Dr. Rubin’s groundbreaking discoveries, made primarily with physicist W. Kent Ford, have revolutionized the way scientists observe, measure and understand the universe.

The concept of “dark matter,” an unknown substance among stars in distant galaxies, had existed since the 1930s, but it was not proved until Dr. Rubin’s studies with Ford in the 1970s. It is considered one of the most significant and fundamental advances in astronomy during the 20th century.

“The existence of dark matter has utterly revolutionized our concept of the universe and our entire field,” University of Washington astronomer Emily Levesque told Astronomy magazine this year. “The ongoing effort to understand the role of dark matter has basically spawned entire subfields within astrophysics and particle physics.”

Dr. Rubin, who spent most of her career at the Carnegie Institution of Washington, continued to make new discoveries — including of previously unknown galaxies — into the 21st century. For years she was considered a leading contender for the Nobel Prize, but the award never came. Many attributed the oversight to gender bias among male scientists and prize committees.

The last woman to win a Nobel Prize in physics was Maria Goeppert Mayer, who shared the 1963 prize for her work on atomic structure. The only other woman to win a Nobel in physics was Marie Curie in 1903.

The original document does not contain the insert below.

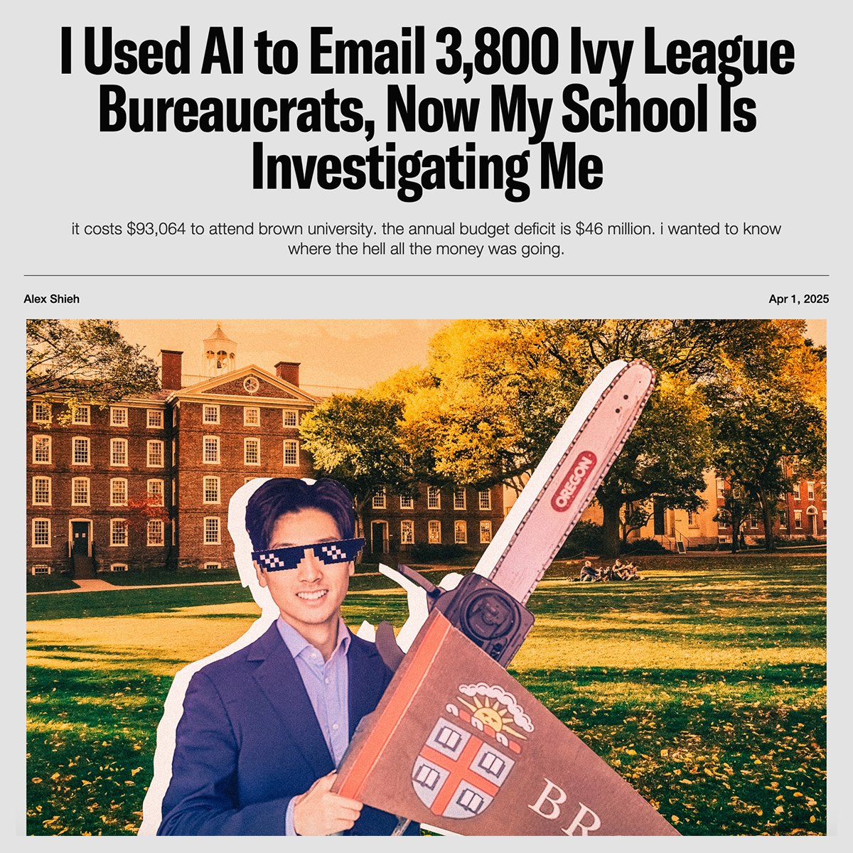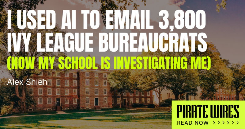 NEW: Brown University 'DOGE' student shares his side of the story with Pirate Wires At Brown University, there's roughly one non-faculty administrator for every two undergrads. Tuition, living expenses, and fees now amount to $93,064 a year. The school runs a $46 million annual budget deficit, and professors constantly complain they’re underpaid. Trying to make sense of this situation, Brown sophomore @alexkshieh emailed all 3,800+ administrators, asking a simple question: "What do you do all day?" Among the few responses he did get, one person replied "fuck you," and another told him to “stick an entire cactus up [his] ass.” Now, Shieh says Brown is investigating him for “emotional/psychological harm,” among other things. Today on PW, Alex tells his side of the story — and describes the aftermath. Link is threaded 👇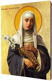 Ikona święta Katarzyna ze Sieny Ikona z wizerunkiem św. Katarzyny ze Sieny wykonana na desce lipowej, podwójnie gruntowanej oraz uszlachetnionej płatkami pozłoty. Wizerunek św. Katarzyny ze Sieny został naniesiony przy użyciu specjalnej techniki druku bezpośrednio na deskę. Św. Katarzyna ze Sieny Swięta Katarzyna Sieneńska- prosta ale nieprzeciętna kobieta, niewykształcona, ale zarazem mądra, drobna i delikatna, a jakże silna i apodyktyczna.

“Alfred Nobel’s will describes the physics prize as recognizing ‘the most important discovery’ within the field of physics,” Levesque told Astronomy magazine. “If dark matter doesn’t fit that description, I don’t know what does.”

Sometimes I get very fed up with this filter that prevents people from recognizing women’s achievements.

Dr. Rubin peered into the cosmos and examined the rotation of more than 200 galaxies. Among other findings, she determined that stars orbiting on the outer edges of galaxies moved at the same speed as those near the interior.

The discovery defied the accepted norms of astronomy, which held that the far-flung stars should move more slowly. To account for the uniform speeds, Dr. Rubin concluded that the distant regions of galaxies contained considerable amounts of a dense, unseen mass, or dark matter, which affected everything from gravitational pull to the shape of galaxies to how stars move in relation to one another.

Dark matter has not been directly observed, and its precise composition remains unknown, but scientists think it constitutes about 84 percent of the cosmos.

“So important is this dark matter to our understanding of the size, shape, and ultimate fate of the universe,” Dr. Rubin wrote in Scientific American in 1998, “that the search for it will very likely dominate astronomy for the next few decades.”

I hope women will be allowed to participate.